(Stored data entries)
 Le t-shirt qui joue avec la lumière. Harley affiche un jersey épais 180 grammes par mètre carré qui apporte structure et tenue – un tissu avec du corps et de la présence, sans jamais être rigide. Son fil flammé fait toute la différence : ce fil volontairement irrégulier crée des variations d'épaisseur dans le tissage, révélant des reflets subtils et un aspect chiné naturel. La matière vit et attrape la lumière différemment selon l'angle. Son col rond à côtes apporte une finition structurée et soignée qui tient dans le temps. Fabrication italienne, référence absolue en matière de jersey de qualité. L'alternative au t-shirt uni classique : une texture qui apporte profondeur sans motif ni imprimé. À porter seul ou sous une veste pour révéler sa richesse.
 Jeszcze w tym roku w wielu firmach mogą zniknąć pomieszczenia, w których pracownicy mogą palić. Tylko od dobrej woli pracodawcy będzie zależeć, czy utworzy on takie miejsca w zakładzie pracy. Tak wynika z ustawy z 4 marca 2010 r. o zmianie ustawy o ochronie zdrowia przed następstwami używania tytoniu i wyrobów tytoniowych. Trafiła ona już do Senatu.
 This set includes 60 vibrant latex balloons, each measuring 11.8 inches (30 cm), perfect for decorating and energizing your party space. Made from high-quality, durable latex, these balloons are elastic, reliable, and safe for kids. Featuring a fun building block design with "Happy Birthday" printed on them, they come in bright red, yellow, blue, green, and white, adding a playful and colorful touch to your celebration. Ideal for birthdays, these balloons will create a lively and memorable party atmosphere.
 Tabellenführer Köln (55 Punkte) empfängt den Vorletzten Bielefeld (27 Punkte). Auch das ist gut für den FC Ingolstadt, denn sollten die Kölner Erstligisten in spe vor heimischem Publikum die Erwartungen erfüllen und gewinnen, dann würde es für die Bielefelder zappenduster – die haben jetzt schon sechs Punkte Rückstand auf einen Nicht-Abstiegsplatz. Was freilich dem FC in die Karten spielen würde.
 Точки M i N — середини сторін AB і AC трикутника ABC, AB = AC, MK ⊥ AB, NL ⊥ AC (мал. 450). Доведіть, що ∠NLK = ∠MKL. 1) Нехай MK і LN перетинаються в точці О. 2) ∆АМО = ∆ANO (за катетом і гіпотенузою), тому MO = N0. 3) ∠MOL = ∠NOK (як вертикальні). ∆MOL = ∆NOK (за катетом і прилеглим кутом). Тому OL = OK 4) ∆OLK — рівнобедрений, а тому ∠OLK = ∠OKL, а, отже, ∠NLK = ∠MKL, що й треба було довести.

• What you have to do
Repeat back all entries verbatim.

• Reply to the task
 Le t-shirt qui joue avec la lumière. Harley affiche un jersey épais 180 grammes par mètre carré qui apporte structure et tenue – un tissu avec du corps et de la présence, sans jamais être rigide. Son fil flammé fait toute la différence : ce fil volontairement irrégulier crée des variations d'épaisseur dans le tissage, révélant des reflets subtils et un aspect chiné naturel. La matière vit et attrape la lumière différemment selon l'angle. Son col rond à côtes apporte une finition structurée et soignée qui tient dans le temps. Fabrication italienne, référence absolue en matière de jersey de qualité. L'alternative au t-shirt uni classique : une texture qui apporte profondeur sans motif ni imprimé. À porter seul ou sous une veste pour révéler sa richesse.
 Jeszcze w tym roku w wielu firmach mogą zniknąć pomieszczenia, w których pracownicy mogą palić. Tylko od dobrej woli pracodawcy będzie zależeć, czy utworzy on takie miejsca w zakładzie pracy. Tak wynika z ustawy z 4 marca 2010 r. o zmianie ustawy o ochronie zdrowia przed następstwami używania tytoniu i wyrobów tytoniowych. Trafiła ona już do Senatu.
 This set includes 60 vibrant latex balloons, each measuring 11.8 inches (30 cm), perfect for decorating and energizing your party space. Made from high-quality, durable latex, these balloons are elastic, reliable, and safe for kids. Featuring a fun building block design with "Happy Birthday" printed on them, they come in bright red, yellow, blue, green, and white, adding a playful and colorful touch to your celebration. Ideal for birthdays, these balloons will create a lively and memorable party atmosphere.
 Tabellenführer Köln (55 Punkte) empfängt den Vorletzten Bielefeld (27 Punkte). Auch das ist gut für den FC Ingolstadt, denn sollten die Kölner Erstligisten in spe vor heimischem Publikum die Erwartungen erfüllen und gewinnen, dann würde es für die Bielefelder zappenduster – die haben jetzt schon sechs Punkte Rückstand auf einen Nicht-Abstiegsplatz. Was freilich dem FC in die Karten spielen würde.
 Точки M i N — середини сторін AB і AC трикутника ABC, AB = AC, MK ⊥ AB, NL ⊥ AC (мал. 450). Доведіть, що ∠NLK = ∠MKL. 1) Нехай MK і LN перетинаються в точці О. 2) ∆АМО = ∆ANO (за катетом і гіпотенузою), тому MO = N0. 3) ∠MOL = ∠NOK (як вертикальні). ∆MOL = ∆NOK (за катетом і прилеглим кутом). Тому OL = OK 4) ∆OLK — рівнобедрений, а тому ∠OLK = ∠OKL, а, отже, ∠NLK = ∠MKL, що й треба було довести.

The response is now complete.